As a result of the strict surveillance of the health authorities, it is rare for the inspectors to find sophisticated milk in retail stores. The public, also, are becoming alive to the quality of the supply, and will not be content with poor milk. No fewer than fifty small dealers now sell pure milk at but little above cost (five cents a quart in summer, as an advertisement), and it is believed that many others will do so, which will prove a great boon to the children of the poor in the hot weather.

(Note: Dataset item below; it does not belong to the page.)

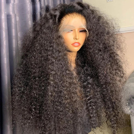 Amay 26inch 180Density Long Glueless Soft Natural Black Kinky Curly Lace Front Wig For Women Babyhair Preplucked Heat Resistant Daily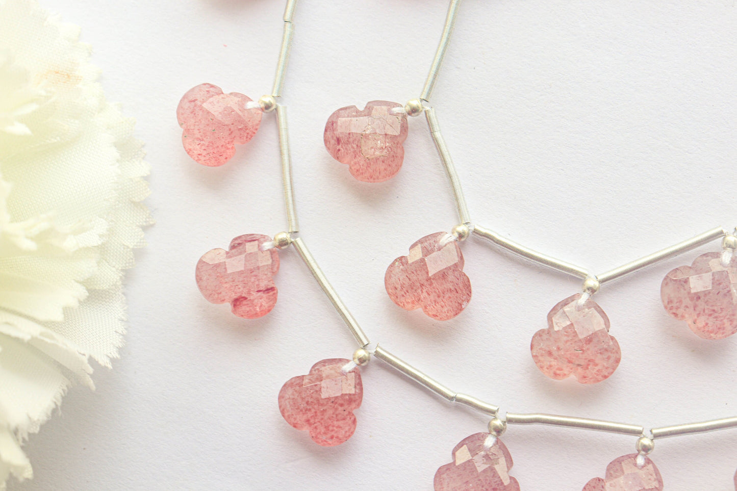 Pink Strawberry Quartz Flower shape Faceted Beads, 8 Inch String, Natural Gemstone, 10 Pieces, 11x11mm, Beadsforyourjewelry

Meat-inspection in markets is provided for in most large cities; but there is not sufficient surveillance of slaughter-houses and examination of cattle before or immediately after killing to prevent the sale of impure and diseased meat.

In

Adulteration of food has only recently become a subject of popular interest and legal action in the United States, though it has been discussed and legislated upon in other countries for a long time. In most European countries, laws have long existed to control the manufacture and sale of food. In England, laws to prevent adulteration were passed in 1860 and 1872. The statute now in force was enacted in 1875, and modified in 1879. The laws in force in the United States were based upon these recent English enactments. Great Britain, public analysts appointed by local authorities are required to examine a certain number of samples each year, for a stated sum. If these are found to be adulterated, complaint is made to a magistrate, and the offender is prosecuted. The appointment of an analyst is obligatory on the local authorities, but while such appointments are usually made, in many instances no work is allotted, owing to lack of sympathy with the work or to the penuriousness of the authorities. The results obtained, therefore, are not wholly satisfactory. Massachusetts, New York, New Jersey, and other of the older States have long had laws relating to the adulteration of food, and prohibiting the sale of unwholesome meats and provisions, while nearly every State places restrictions upon the weight and other commercial qualities of flour, bacon, lard, salt, etc. In 1879 a prize of $1,000 was offered by the National Board of Trade for the best essay on food-adulteration, and for the best form of a law prohibiting the same. Such a law was drafted, and finally adopted by the Legislatures of New Jersey, New York, and Massachusetts, in 1881-'82. A modification of the same law, adapted to the Territories and other sections of the country under the charge of

the General Government, was submitted to Congress in 1883-'84, but failed to pass. An act prohibiting the importation of damaged and adulterated tea was adopted, and has been successfully enforced. The State laws just referred to define what is meant by adulteration in the case of food or drugs, give State boards of health power to exempt certain articles that are recognized as not injurious to health, and authorize them to appoint analysts and inspectors. The time has been too short to test fairly the operation of these acts, and from insufficiency of funds they have not accomplished all the results that might have been expected. Only a few prosecutions have taken place under them, and their validity has not yet been tested before the higher courts. The best authorities seem to agree that adulteration should be treated chiefly from the commercial, rather than from the sanitary stand-point, and that so far as possible the elaborate machinery, inevitable delay, and cost incident upon a large corps of inspectors and analysts, should be saved. Dr. E. R. Squibb, a high authority on the subject, remarks that the chief aim of all legislation in this direction should be to deter persons from attempting the practice of adulteration, rather than to punish them after committing the act. "The motive power of all adulteration is pecuniary profit or gain, and not to endanger or damage health at all. That adulterations do endanger health, is a mere accident. .. If the penalty be sufficient and sufficiently sure to make the risk of punishment greater than the profit will warrant, the design to adulterate will be abandoned, and the law will have its natural and wholesome success. Simple exposure through the press of persons guilty of adulteration is the most potent means to this end, as has been found in Canada, where greater success has been achieved in checking adulteration than anywhere else.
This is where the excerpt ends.